* [ACTION ITEM]:
Once you find the line containing "กลุ่มเฟอร์นิเจอร์ มือจับ ราวแขวน ชาลิ้อ" in the data below, copy it and each following line exactly, up to and including the line containing "idem, 120x120 cm", and nothing else.

* [GIVEN RECORDS]:
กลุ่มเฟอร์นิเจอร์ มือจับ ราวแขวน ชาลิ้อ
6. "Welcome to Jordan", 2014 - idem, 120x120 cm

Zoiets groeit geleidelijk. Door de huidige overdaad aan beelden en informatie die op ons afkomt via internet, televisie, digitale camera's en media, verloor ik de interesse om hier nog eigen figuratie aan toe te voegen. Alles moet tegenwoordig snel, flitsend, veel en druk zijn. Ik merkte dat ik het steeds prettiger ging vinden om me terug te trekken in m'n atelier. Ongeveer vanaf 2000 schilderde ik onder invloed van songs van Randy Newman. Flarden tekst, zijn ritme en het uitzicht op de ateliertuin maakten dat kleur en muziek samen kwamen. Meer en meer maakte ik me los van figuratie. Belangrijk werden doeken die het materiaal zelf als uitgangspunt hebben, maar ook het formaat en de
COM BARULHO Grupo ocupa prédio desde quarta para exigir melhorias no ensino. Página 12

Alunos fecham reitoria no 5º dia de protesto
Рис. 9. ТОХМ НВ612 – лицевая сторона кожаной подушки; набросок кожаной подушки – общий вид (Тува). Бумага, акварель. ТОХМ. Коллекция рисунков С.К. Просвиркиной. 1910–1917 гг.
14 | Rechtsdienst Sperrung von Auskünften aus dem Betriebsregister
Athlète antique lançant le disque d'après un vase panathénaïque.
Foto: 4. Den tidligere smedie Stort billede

...

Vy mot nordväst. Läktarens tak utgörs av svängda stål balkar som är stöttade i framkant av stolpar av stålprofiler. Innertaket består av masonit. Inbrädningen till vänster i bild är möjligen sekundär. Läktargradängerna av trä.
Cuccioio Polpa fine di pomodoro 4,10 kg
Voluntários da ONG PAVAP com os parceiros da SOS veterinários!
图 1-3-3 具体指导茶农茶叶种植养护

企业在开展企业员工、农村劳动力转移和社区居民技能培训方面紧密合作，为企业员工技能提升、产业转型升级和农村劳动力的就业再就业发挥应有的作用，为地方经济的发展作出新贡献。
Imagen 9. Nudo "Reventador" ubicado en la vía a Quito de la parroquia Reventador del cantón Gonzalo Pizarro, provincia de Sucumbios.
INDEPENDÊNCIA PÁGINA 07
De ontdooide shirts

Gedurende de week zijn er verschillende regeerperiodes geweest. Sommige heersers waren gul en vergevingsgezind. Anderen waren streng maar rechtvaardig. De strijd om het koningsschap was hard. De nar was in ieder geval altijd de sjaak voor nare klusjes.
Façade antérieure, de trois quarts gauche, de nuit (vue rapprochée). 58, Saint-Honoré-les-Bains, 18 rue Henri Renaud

* * *

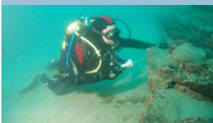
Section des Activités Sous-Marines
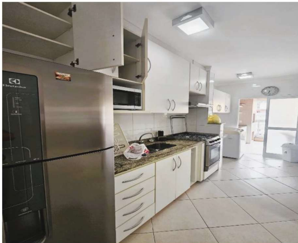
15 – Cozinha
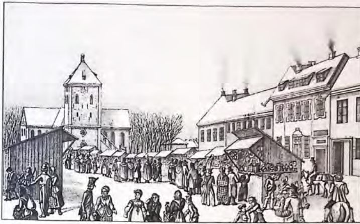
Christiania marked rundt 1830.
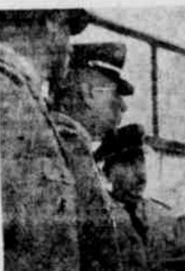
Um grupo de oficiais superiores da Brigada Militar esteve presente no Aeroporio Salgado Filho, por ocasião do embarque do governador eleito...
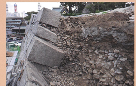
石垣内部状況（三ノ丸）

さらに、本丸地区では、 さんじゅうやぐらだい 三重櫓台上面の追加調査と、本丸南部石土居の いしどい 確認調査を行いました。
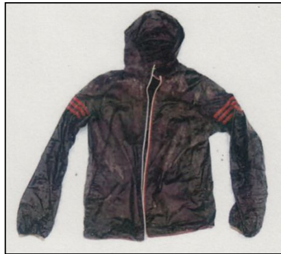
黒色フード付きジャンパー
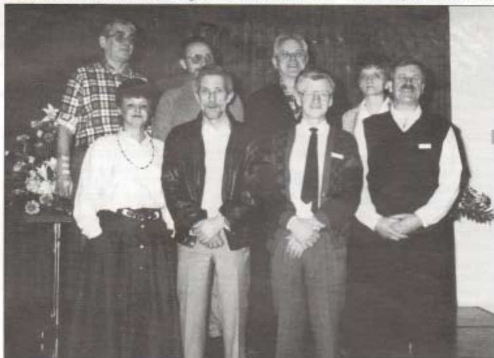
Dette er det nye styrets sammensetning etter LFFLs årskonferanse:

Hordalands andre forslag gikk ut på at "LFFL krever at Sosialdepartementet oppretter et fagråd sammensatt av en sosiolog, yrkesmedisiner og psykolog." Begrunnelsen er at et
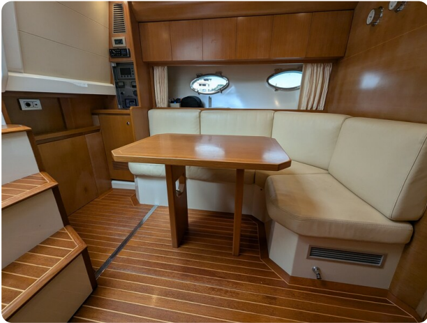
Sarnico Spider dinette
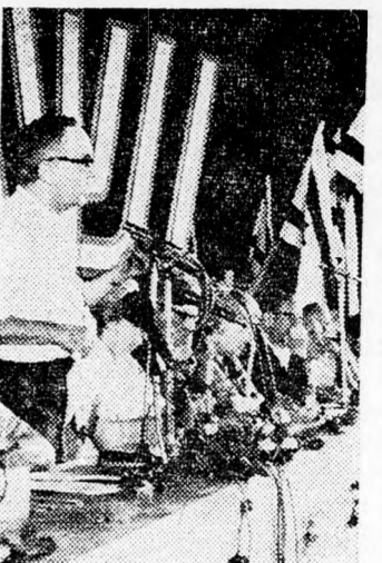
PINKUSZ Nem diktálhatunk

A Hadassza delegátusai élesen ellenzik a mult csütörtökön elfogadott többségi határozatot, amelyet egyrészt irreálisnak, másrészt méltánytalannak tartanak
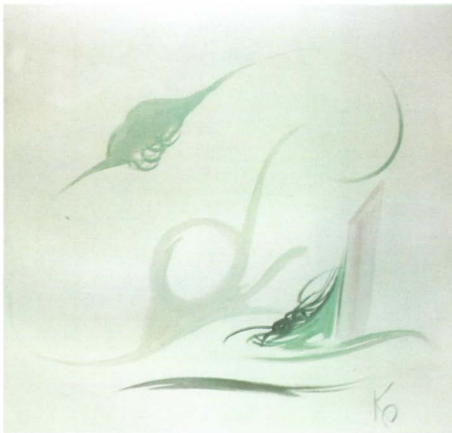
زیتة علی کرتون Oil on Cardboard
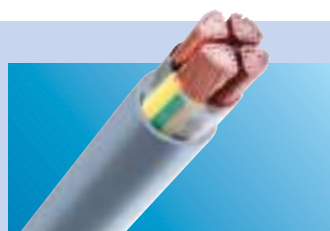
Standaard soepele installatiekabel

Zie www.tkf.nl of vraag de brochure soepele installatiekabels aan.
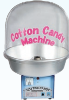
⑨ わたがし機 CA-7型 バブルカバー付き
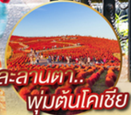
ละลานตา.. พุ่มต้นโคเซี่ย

* [EXERCISE SOLUTION]:
กลุ่มเฟอร์นิเจอร์ มือจับ ราวแขวน ชาลิ้อ
6. "Welcome to Jordan", 2014 - idem, 120x120 cm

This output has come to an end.